过渡金属催化烯丙醇的选择性脱氢氧化以得到相应的α,β-不饱和羰基化合物在最近广受关注, 但是很多方法需要用到化学计量的氧化剂, 这会带来大量的废弃副产物, 原子经济性不足. 本工作开发了一种简单易得的[RuCl₂(p- cymene)]₂催化系统, 可用于高效地催化烯丙醇选择性脱氢合成α,β-不饱和羰基化合物, 而无需使用额外的氧化剂或H₂受体.

关键词: 钌, 无受体脱氢, 烯丙醇, α,β-不饱和羰基化合物

Transition metal-catalyzed allyllic alcohol selective dehydrogenation to generate the corresponding α,β-unsaturated carbonyl compound has attached great attention. However, most of these methods require stoichiometric quantities of oxidants, which will bring a lot of by-products and lack of atomic economy. Herein, a simple [RuCl₂(p-cymene)]₂ catalyzed system to efficiently catalyze the selective dehydrogenation of allyl alcohol to form α,β-unsaturated carbonyls without the use of additional oxidants or H₂ acceptors has been developed.

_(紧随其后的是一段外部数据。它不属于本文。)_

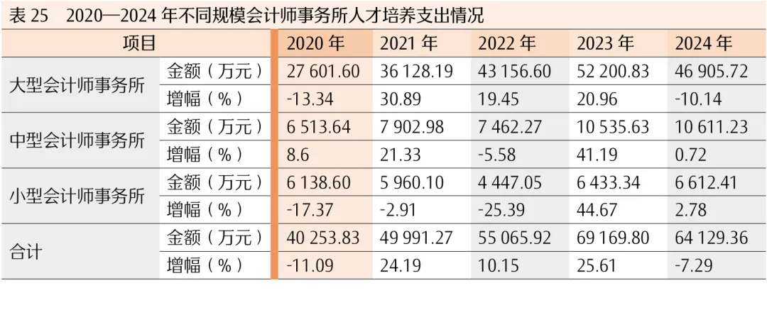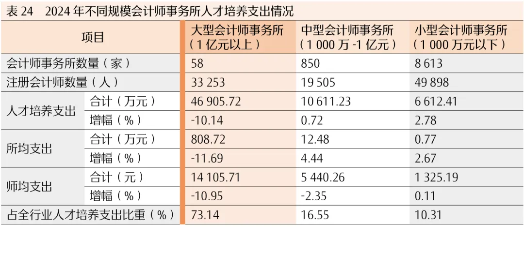 2024年,大型会计师事务所的人才培养支出46905.72万元,占行业人才培养支出总额的73.14%,所均支出808.72万元,师均支出14105.71元;中型会计师事务所的人才培养支出10611.23万元,占行业人才培养支出总额的16.55%,所均支出12.48万元,师均支出5440.26元;小型会计师事务所的人才培养支出6612.41万元,占行业人才培养支出总额的10.31%,所均支出0.77万元,师均支出1325.19元。数据表明,一是大型会计师事务所的人才培养支出较2023年有一定下降,中、小型会计师事务所人才培养支出保持增长趋势;二是会计师事务所规模越大,人才培养所均支出金额绝对值越高,但就行业人才培养支出的绝对数来看,人才培养支出占行业成本费用总支出的比重仍然不高(见表24和表25)。
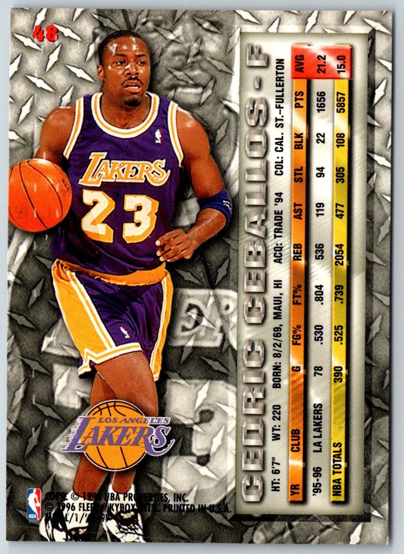 This 1996 Metal Cedric Ceballos #48 Los Angeles Lakers trading card is a must-have for any Lakers fan. The card features a classic image of Cedric Ceballos in his signature Lakers jersey and is sure to add a pop of Lakers pride to any collection. With high-quality metal construction and a glossy finish, this card is sure to stand out amongst the rest. Add this iconic card to your collection today and show off your Lakers fandom!
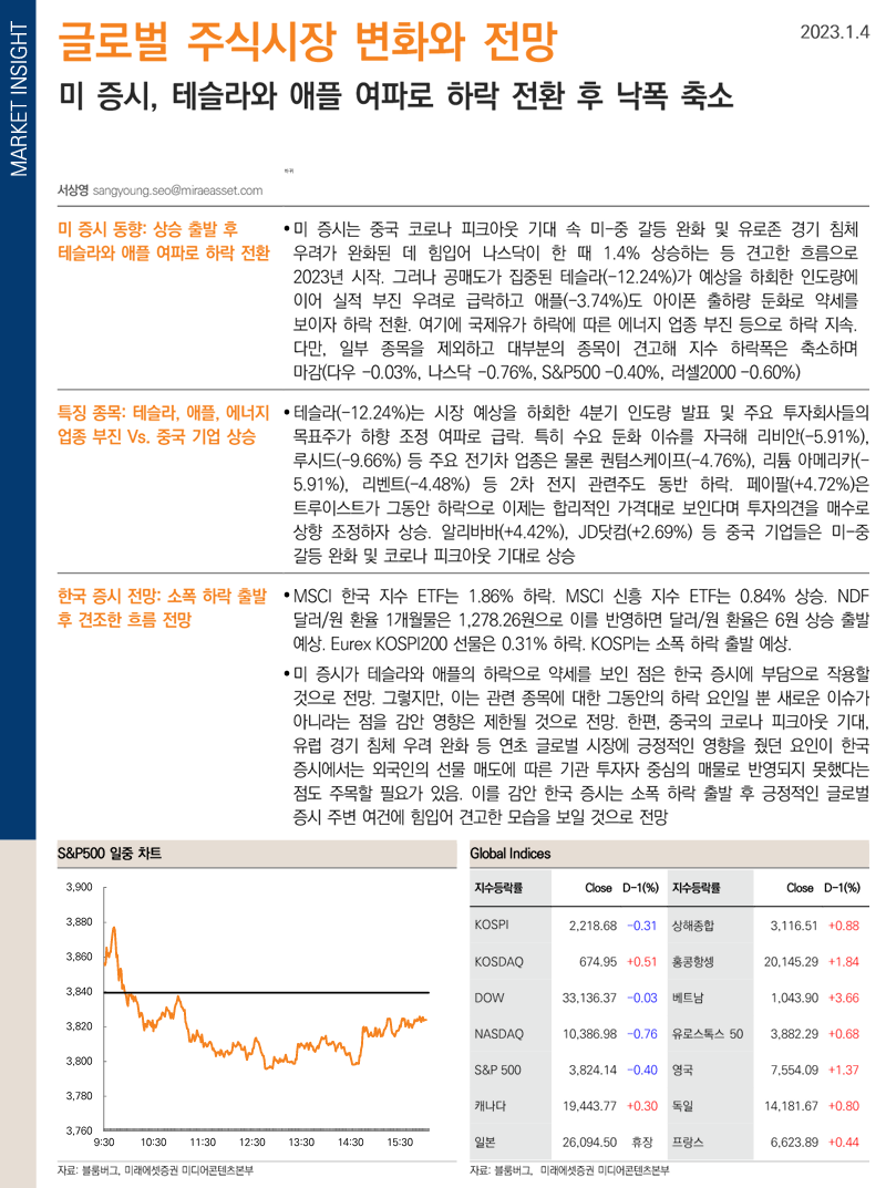 미 증시는 중국 코로나 피크아웃 기대 속 미-중 갈등 완화 및 유로존 경기 침체 우려가 완화된 데 힘입어 나스닥이 한 때 1.4% 상승하는 등 견고한 흐름으로 2023년 시작. 그러나 공매도가 집중된 테슬라(-12.24%)가 예상을 하회한 인도량에 이어 실적 부진 우려로 급락하고 애플(-3.74%)도 아이폰 출하량 둔화로 약세를 보이자 하락 전환. 여기에 국제유가 하락에 따른 에너지 업종 부진 등으로 하락 지속. 다만, 일부 종목을 제외하고 대부분의 종목이 견고해 지수 하락폭은 축소하며 마감(다우 -0.03%, 나스닥 -0.76%, S&P500 -0.40%, 러셀2000 -0.60%)
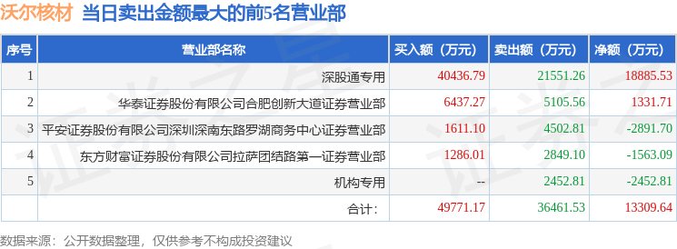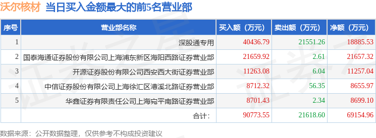 从龙虎榜公布的当日买卖数据来看,机构合计净卖出2452.81万元,北向资金合计净买入1.89亿元。章盟主、炒股养家等知名游资榜上有名。(知名游资章盟主一般指国泰海通证券股份有限公司上海浦东新区海阳西路证券营业部席位、知名游资炒股养家一般指华鑫证券有限责任公司上海宛平南路证券营业部席位,根据市场资料整理,仅供参考)
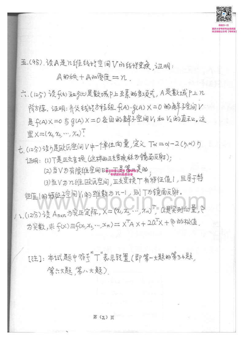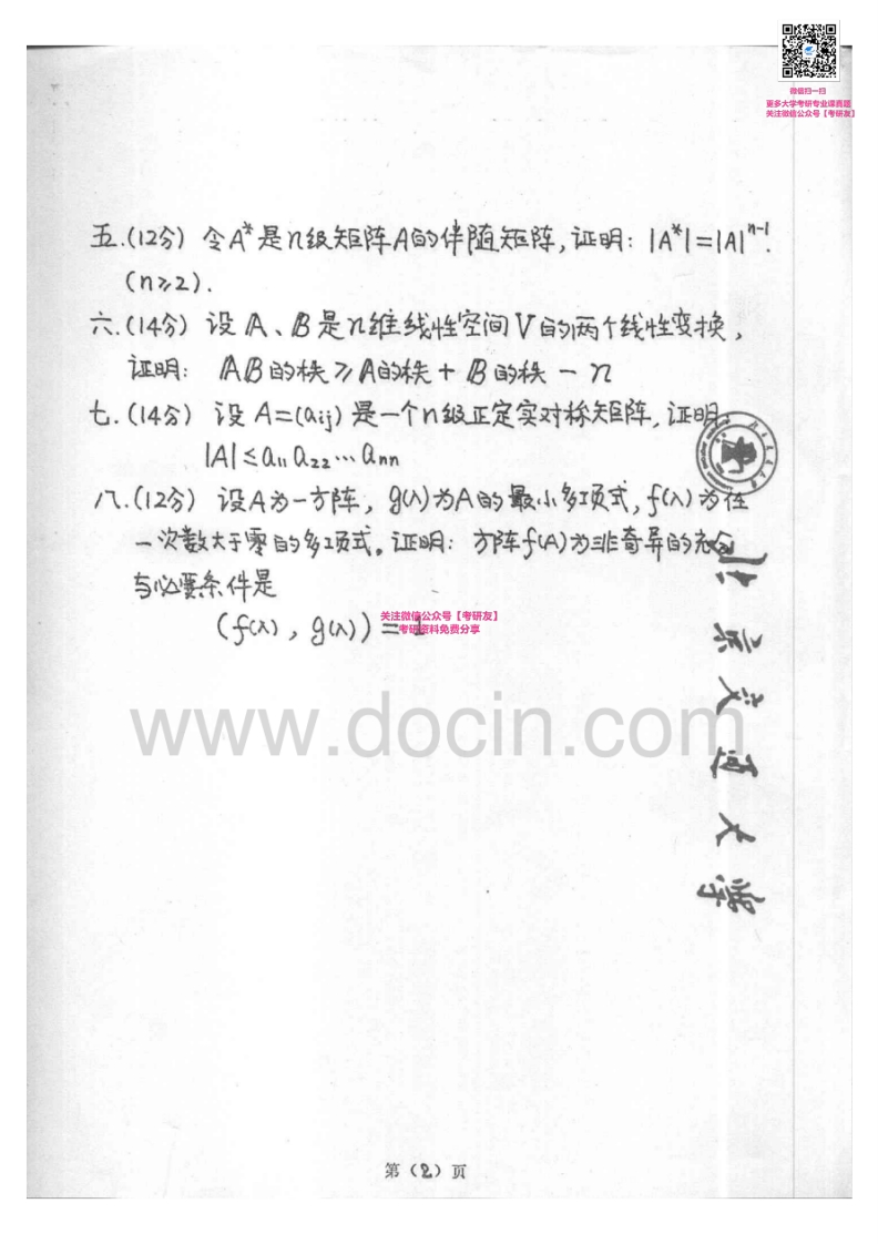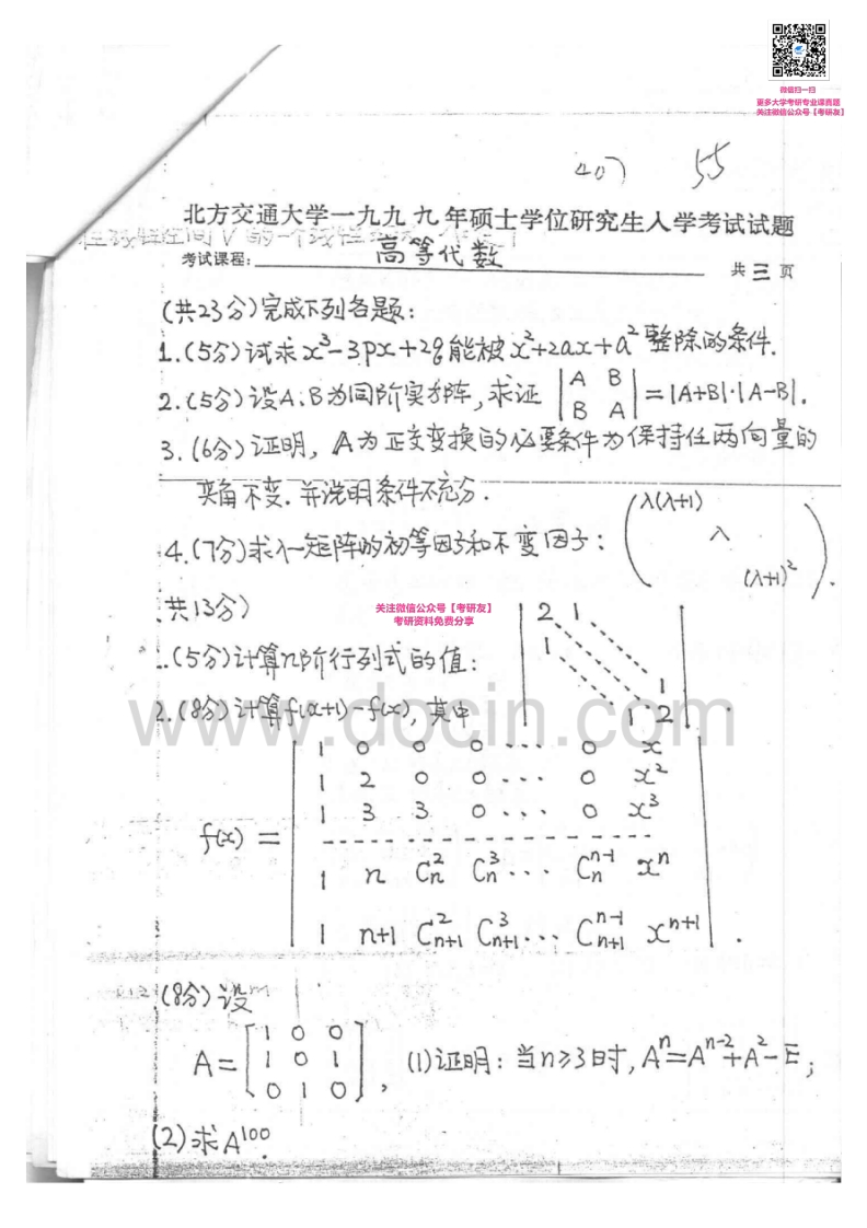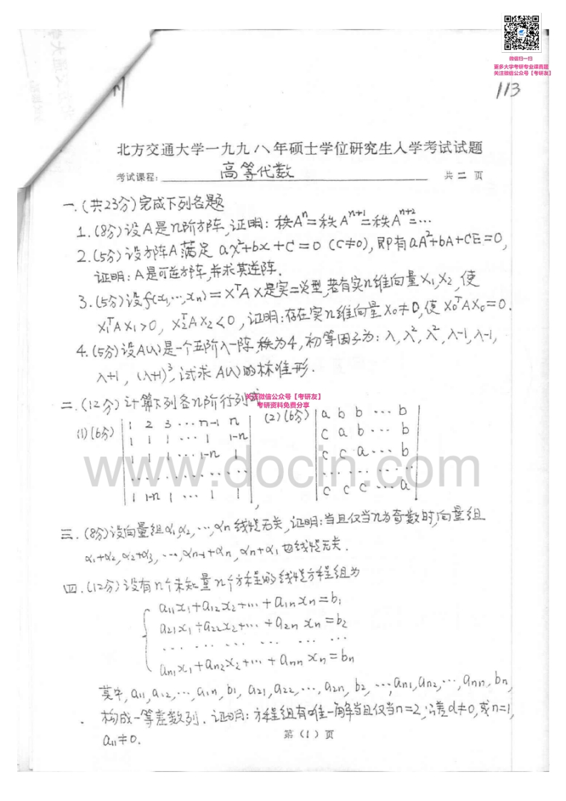 北京交通大学872高等代数1995、1998-2007考研真题汇编微信公众号微研社免费分享

Key words: ruthenium, acceptorless dehydrogenation, allylic alcohols, α,β-unsaturated carbonyls

引用此文

刘嘉豪, 张世冬, 栾自鸿, 刘艳, 柯卓锋. 钌选择性催化烯丙醇无受体脱氢合成α,β-不饱和羰基化合物[J]. 有机化学, 2021, 41(11): 4361-4369.

Jiahao Liu, Shidong Zhang, Zihong Luan, Yan Liu, Zhuofeng Ke. Ruthenium Catalyzed Selective Acceptorless Dehydrogenation of Allylic Alcohols to α,β-Unsaturated Carbonyls[J]. Chinese Journal of Organic Chemistry, 2021, 41(11): 4361-4369.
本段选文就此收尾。